Waruguru’s artistic practice spans across different media – textile, drawing, ceramics, needlework, natural pigment making and installation – through ideas of geographical belonging, time, and transience. Painting processes are combined with acts of making that she has learned and inherited from the women in her life. Beadwork, sewing and knitting are all incorporated in Agnes’ work, placing her personal identity in her practice and connecting it to women’s labour traditions. Waruguru explores the material of objects and their capacity to act as markers of identity and carriers of personal histories, to develop new sceneries which can often be memory or emotion landscapes. By avoiding the more typical approach to painting on primed, stretched canvas, the artist works predominantly on cotton, using dyeing, pouring and spraying, alongside brushwork as her means of applying paint.
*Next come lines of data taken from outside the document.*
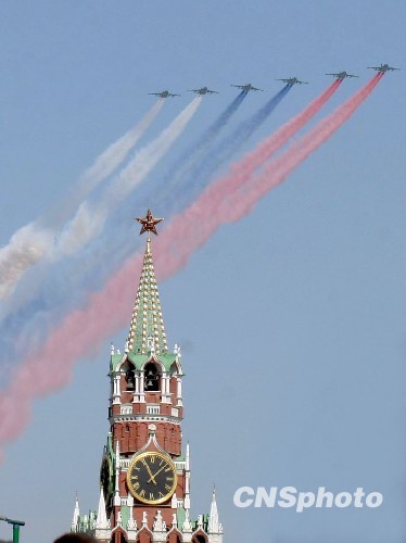 5月9日,俄羅斯在莫斯科紅場舉行規(guī)模空前的閱兵活動,紀念衛(wèi)國戰(zhàn)爭勝利65周年。6架蘇-25強擊機在紅場上空噴出象征俄羅斯國旗白、藍、紅三色的煙霧。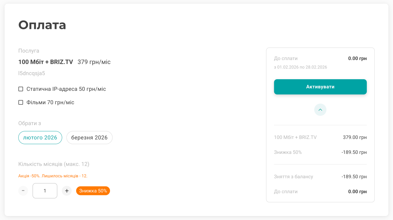 Кнопка "Активувати" буде доступна лише за наявності достатньої суми на балансі для оплати послуг. У разі нестачі коштів для оплати, з'явиться кнопка “Перейти до сплати”.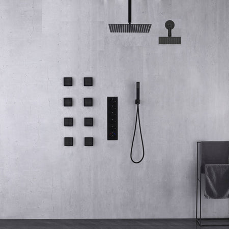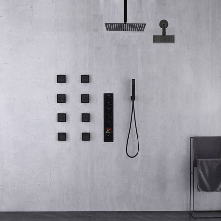 Indulge in Luxury: Elevate your shower experience with our Matte Black Rainfall Shower System, featuring a 5-way thermostatic rough-in valve, 8 body jets, and a regular head.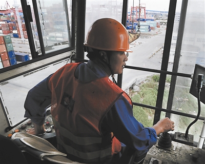 按传统操作法,门座式起重机高挡下降复零往往需要做第二次下降动作,既费时又费力,杂货队门机一班副班长林本张发明了在下降过程中从高挡逐渐退至最低挡再配合旋转变幅后,一次性将货物落到指定位置,这样每个动作可以节约5秒钟,一个班次下来就可节省40多分钟……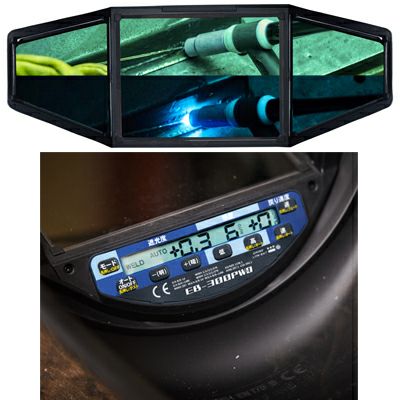 | ●日本初!180°パノラマワイドパネルの採用により新感覚の広い視野を3面同時に実現したアイボーグ180°にデジタル操作パネル搭載型が新登場!! ●従来品(EB-300PW)に比べ約70gの軽量化を実現し作業時の快適性が更に向上! ●オートモード(遮光度/感度/戻り速度の自動調整)により作業に最適な設定を瞬時に設定可能! ●フェードモードにより溶接箇所の残光を直視する事もなく高い安全性を実現! ●テストモード搭載により各遮光度を確認する事が可能な安心安全設計! ●WELD(溶接)GRIND(グラインド)モード切替スイッチを面体外側に取り付ける事で装着したままでのモード切替が可能に! ●EU規格最高評価取得の高性能液晶ブルーフィルタの採用により鮮明な視界に。 ●新型ワンタッチヘッドギアにより、更に高い作業効率に! |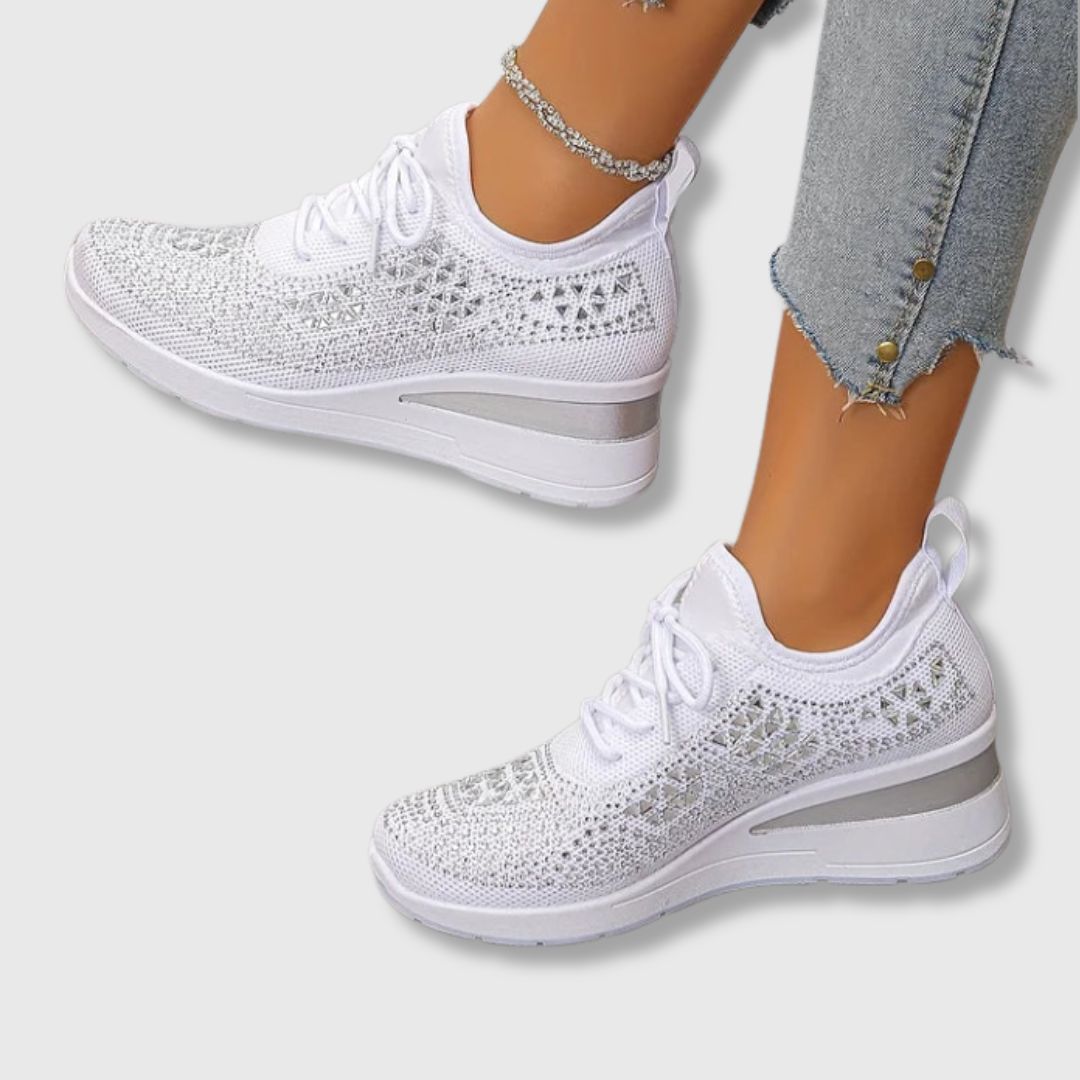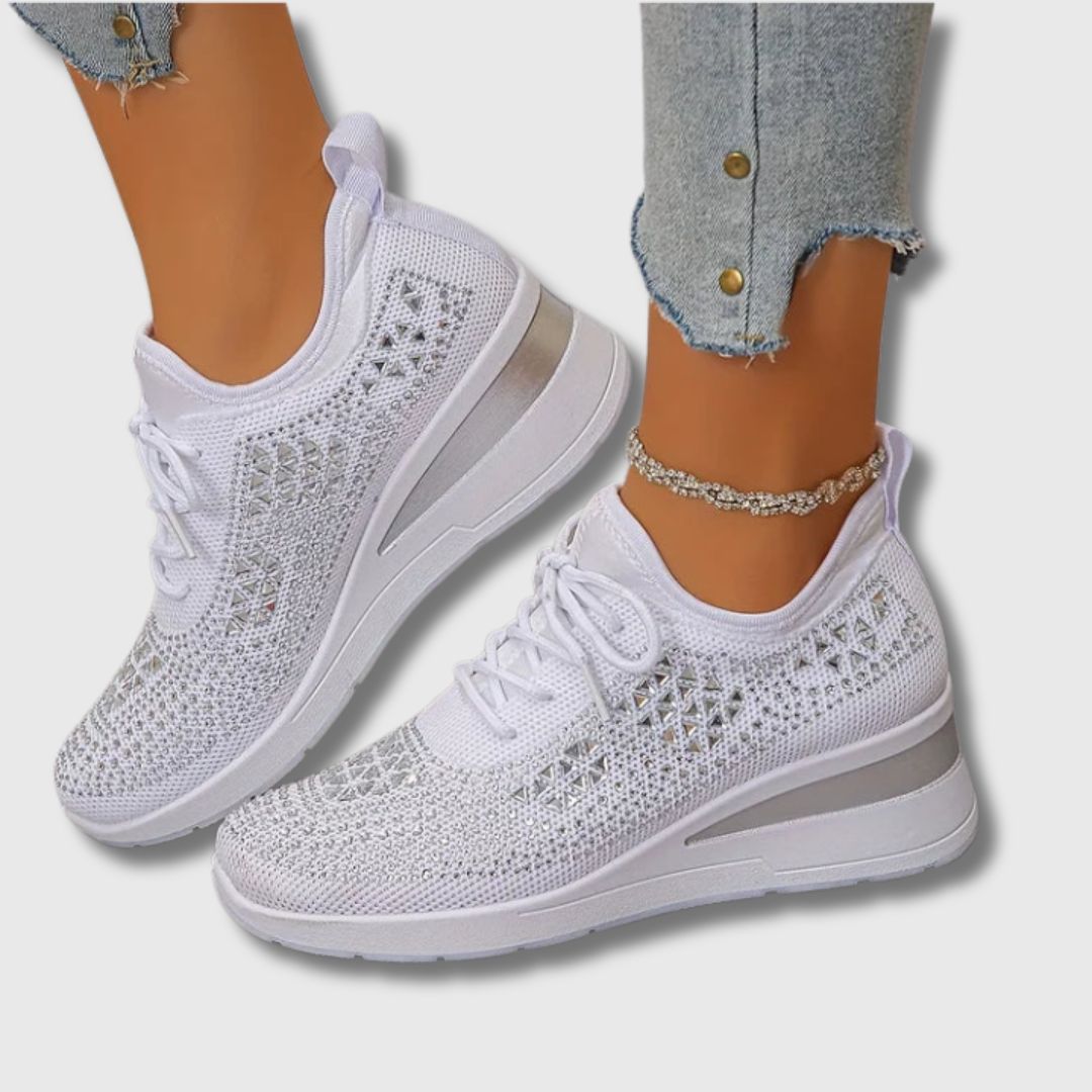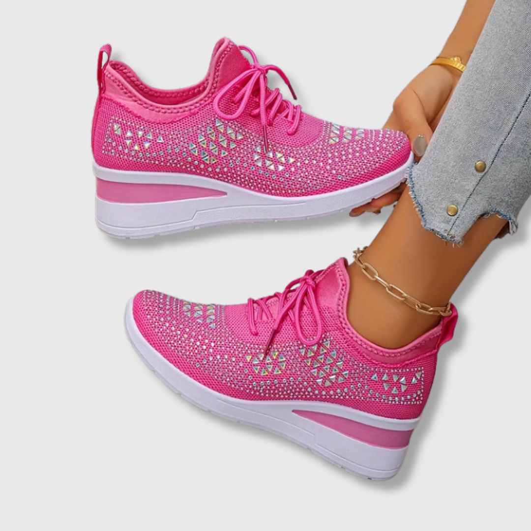 A Lucía sportcipő az ortopéd kényelmet modern eleganciával ötvözi. Légáteresztő felsőrésze és párnázott megtámasztása egész nap frissen és kényelmesen tartja a lábad, visszafogott fénye pedig a lezsertől a kifinomultabb összeállításokig minden szetthez nőies, letisztult ragyogást ad.

Water, a symbol of cleansing or rebirth in many cultures, is the main medium in most of the works. It is used as a primer to receive pigments, acrylic paints, inks and watercolors, applied in successive layers, either diluted or concentrated. “I started to make drawings that I would hang in the rain to see how I could collaborate with rain and trace the passageways of rain. In the past I have washed textile works in the ocean which led to an ongoing practice of cleansing my textile works with salt water as a beginning point of making a painting”.
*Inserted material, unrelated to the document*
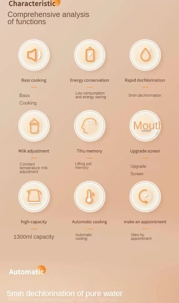 Crafted from high-quality, food-grade materials, the kettle ensures safety, purity, and long-lasting durability. Its 360° rotatable base and sleek design make it both functional and elegant — a perfect addition to any nursery or kitchen.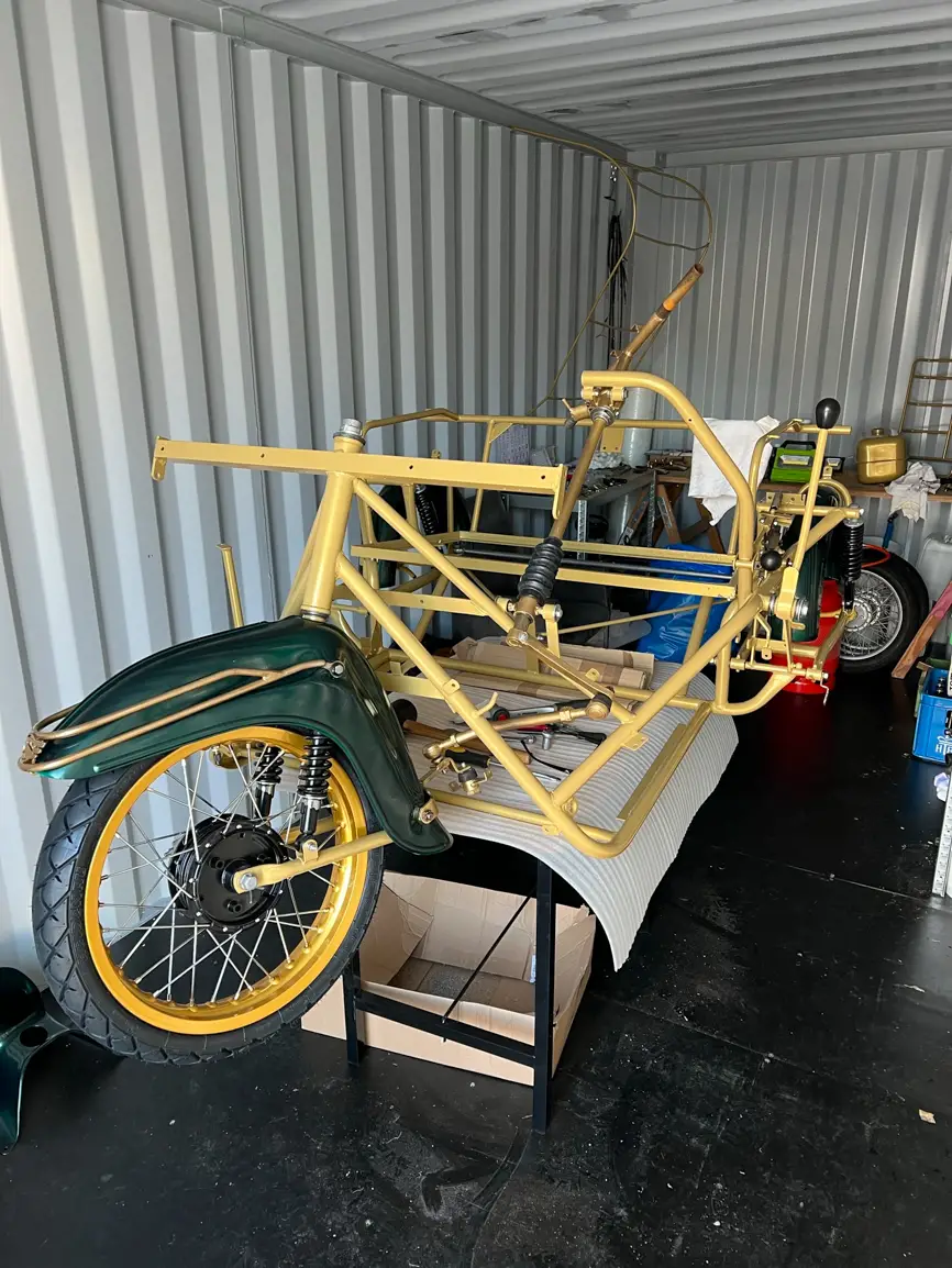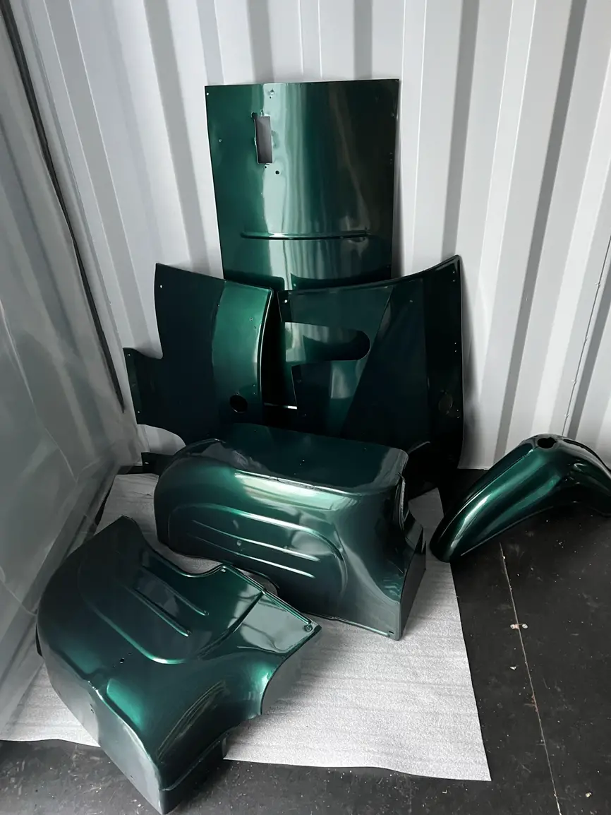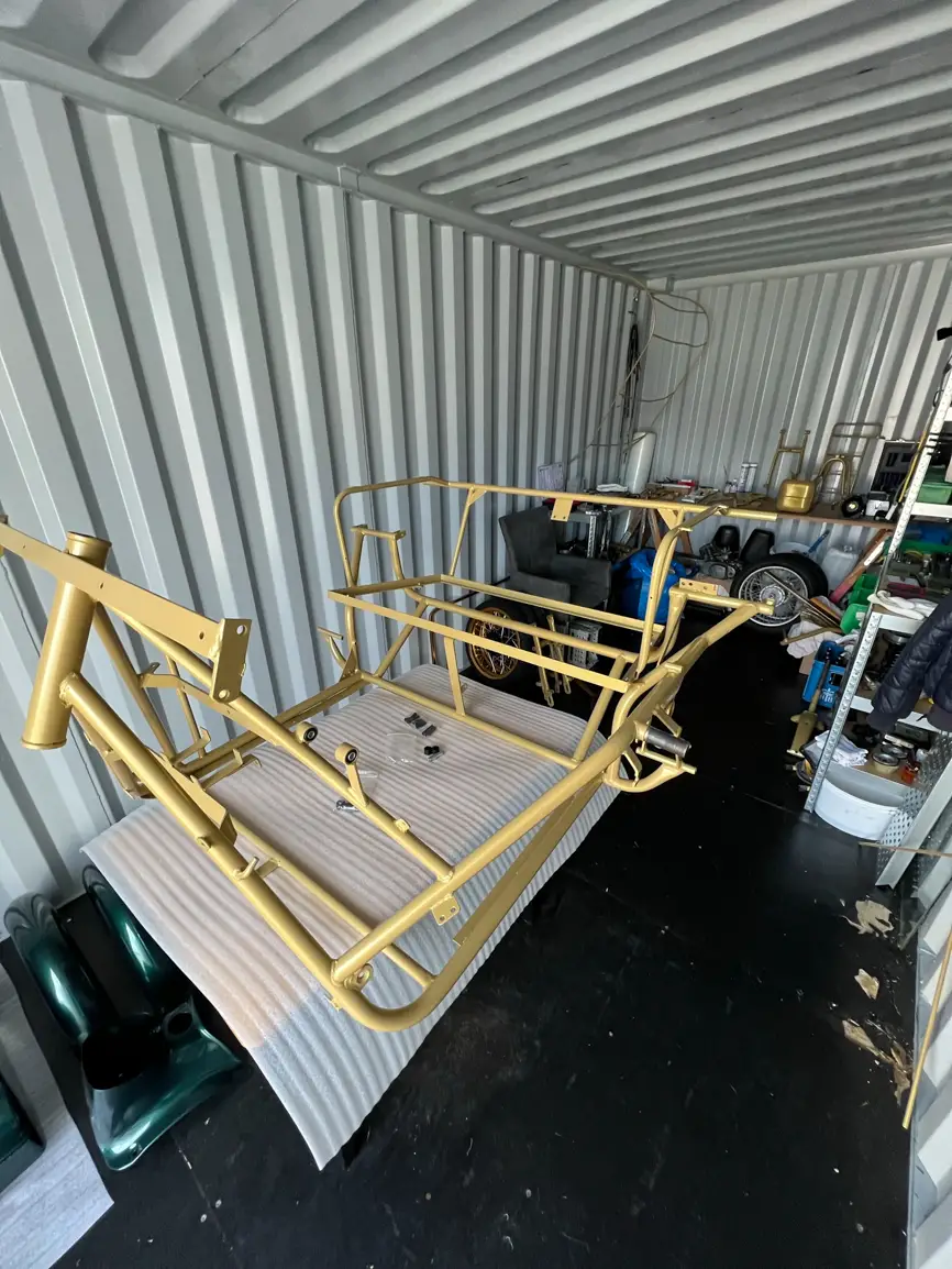 - hab das Duo jetzt angefangen runter zu bauen. Ende Oktober kommt der Rahmen zum Sandstrahlen und Pulvern (Gold) und die Blechteile nur zum Sandstrahlen und Grundpulvern (lackieren tue ich die Blechteile selbst ) in metallic-grün. Ich will hat was exklusives und poppiges

The exhibition takes place in the two side rooms of the gallery and includes a series of new works together with a large-scale textile work realized during her residency at the Rijksakademie in Amsterdam. When combined together, as in the installation conceived for the 60th edition of the Venice Biennale in 2024, the works create an immersive and contemplative space, inhabited by bright, expansive, atmospheric and almost dreamlike presences. “When making these works I always feel like more could happen. It’s like holding your breath. The work could surprise you. Not all the space is taken up so there is enough room to feel things moving, for the work to continue extending itself. I want to create a feeling of being suspended, of being in the middle of something”. The installation embraces the viewer, activating a sense of stillness, a space for listening and waiting. The viewers are invited to wander into Waruguru’s imagination and weave their own narratives.
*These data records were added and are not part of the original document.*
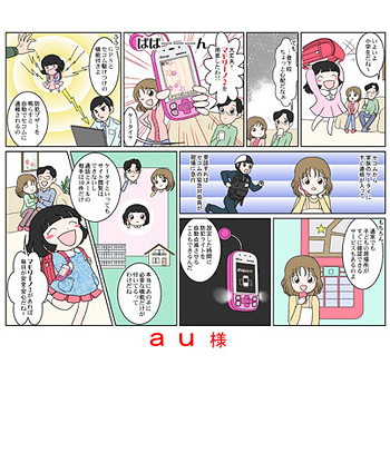 | auの子ども向け携帯電話の説明 漫画です。 |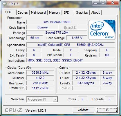 Стабильная работа зафиксирована всего-то на отметке опорной шины в 278 МГц. Это дало возможность получить тактовую частоту всего 3336 МГц, что на 39% выше номинальной. Напряжение питания ядра пришлось увеличить с 1,264 В, до 1,456 В. Учитывая, что ранее тестируемые, более медленные модели смогли в свою очередь разогнаться до 3040 МГц, 3360 МГц, 3300 МГц, при напряжениях питания 1,396 В, 1,456 В, 1,568 В соответственно, тестируемый сегодня процессор Intel Celeron Dual-Core E1600 выступил «в рамках приличия» и оказался солидарен со своими «младшими братьями».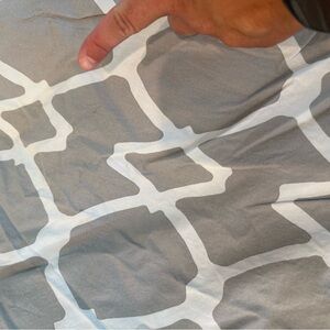 Condition: Good, last three pictures show three marks, 2 on the gray part of duvet cover, and one on navy part of euro sham

Agnes Waruguru (1994, Nairobi) received a BFA from the Savannah College of Art and Design, USA. She has participated in residencies in Kenya, at the Saba Artists Residency in Lamu, Artspace in Sydney, Australia and in 2023 completed a two year residency at the Rijksakademie in Amsterdam. Waruguru participated in the inaugural edition of the Stellenbosch Triennale, South Africa in 2020 and had her first solo show Small things to consider at Circle Art Gallery later that same year. In 2022 she was nominated for the Volkskrant Beeldende Kunst Prize and in 2024 for the Norval Sovereign African Art Prize. Recent exhibitions and Biennale invitations include: Echoes of our stories at Quinta do Quetzal, 2023; 22nd Biennial Sesc–Videobrasil in Sao Paulo, 2023; Foreigners everywhere, La Biennale di Venezia, Venice, 2024. Most recently, Waruguru was featured in The Artsy Vanguard. Young Artists to Watch list; an annual feature highlighting the most promising artists working today.